EXERCISE GOAL:
Return each line below exactly as it reads, and omit any image in it.
-- GIVEN DATA follows --
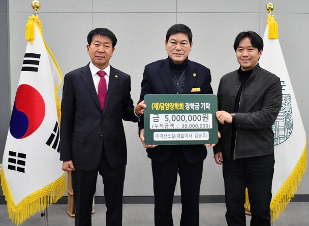 [뉴스노크=김인호 기자] (재)담양장학회는 지난 26일 ㈜이산스틸(대표이사 김승우)에서 5백만 원을, ㈜고서삼화자원(대표 이형수)에서 2백만 원을 기탁했다고 밝혔다.
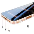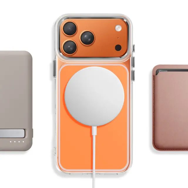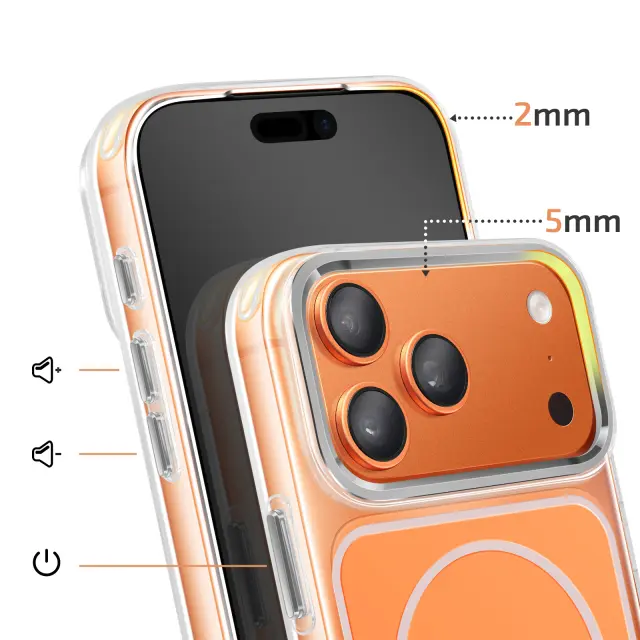 Magnetni obroč je združljiv z dodatki MagSafe in brezžičnim polnjenjem. Mat oranžna trda hrbtna stran za zaščito pred vsakodnevnimi odtisi. Ojačana prozorna mehka oblika, ki absorbira udarce. Kovinski robovi kamere za zaščito in slog.
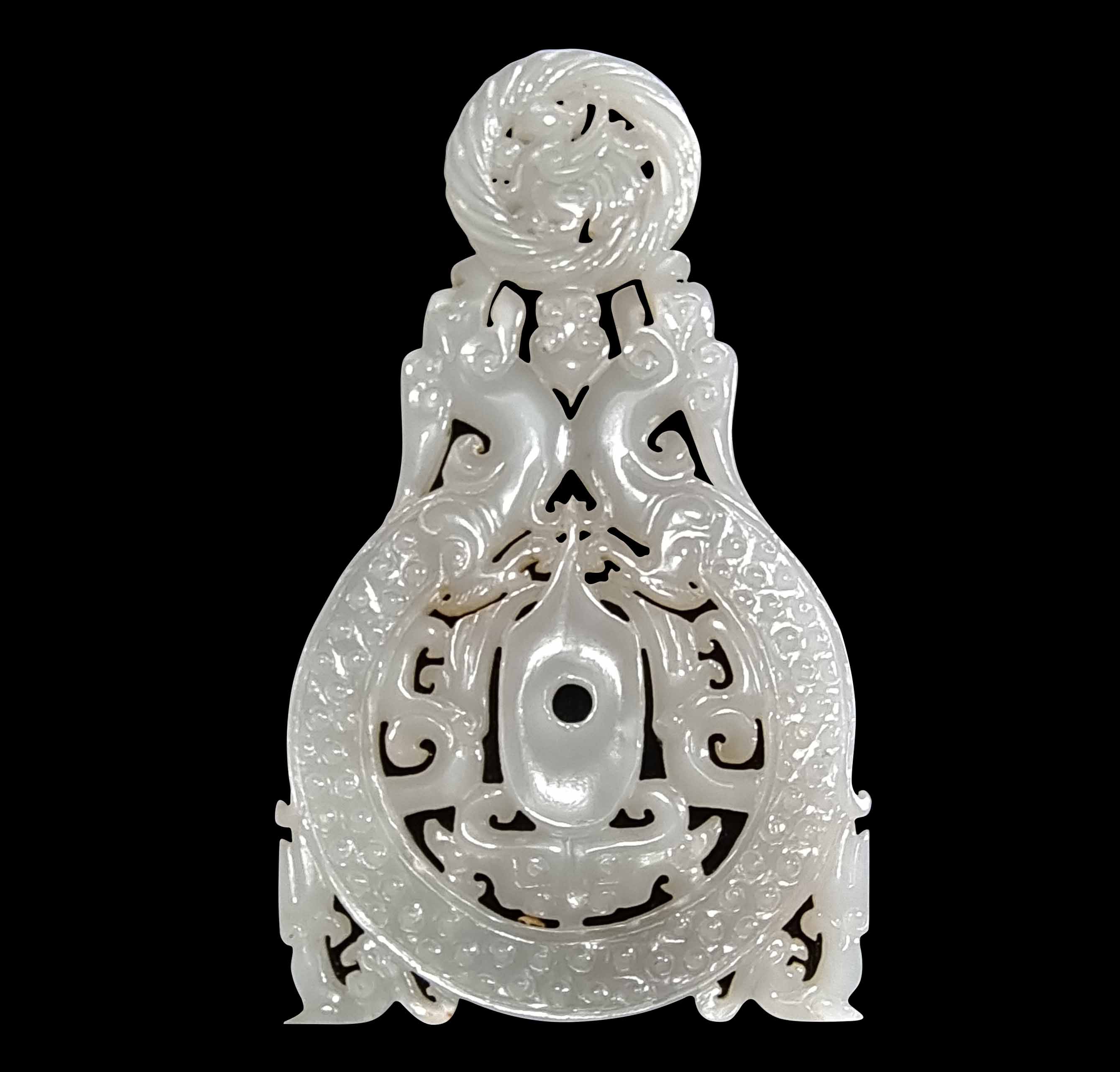 双龙延年谷纹韘心白玉璧
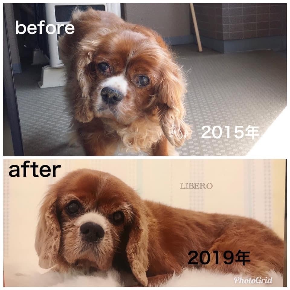 8歳までペットフードで育てていたキャバリアの信太郎は持病が悪化し幼少期から薬が欠かせない生活を送っていましたが、手作りごはんに変えてから見た目も目の輝きも毛艶も変わりました。
-- GIVEN DATA concluded --
RESPONSE TO THIS TASK:
 [뉴스노크=김인호 기자] (재)담양장학회는 지난 26일 ㈜이산스틸(대표이사 김승우)에서 5백만 원을, ㈜고서삼화자원(대표 이형수)에서 2백만 원을 기탁했다고 밝혔다.
 Magnetni obroč je združljiv z dodatki MagSafe in brezžičnim polnjenjem. Mat oranžna trda hrbtna stran za zaščito pred vsakodnevnimi odtisi. Ojačana prozorna mehka oblika, ki absorbira udarce. Kovinski robovi kamere za zaščito in slog.
 双龙延年谷纹韘心白玉璧
 8歳までペットフードで育てていたキャバリアの信太郎は持病が悪化し幼少期から薬が欠かせない生活を送っていましたが、手作りごはんに変えてから見た目も目の輝きも毛艶も変わりました。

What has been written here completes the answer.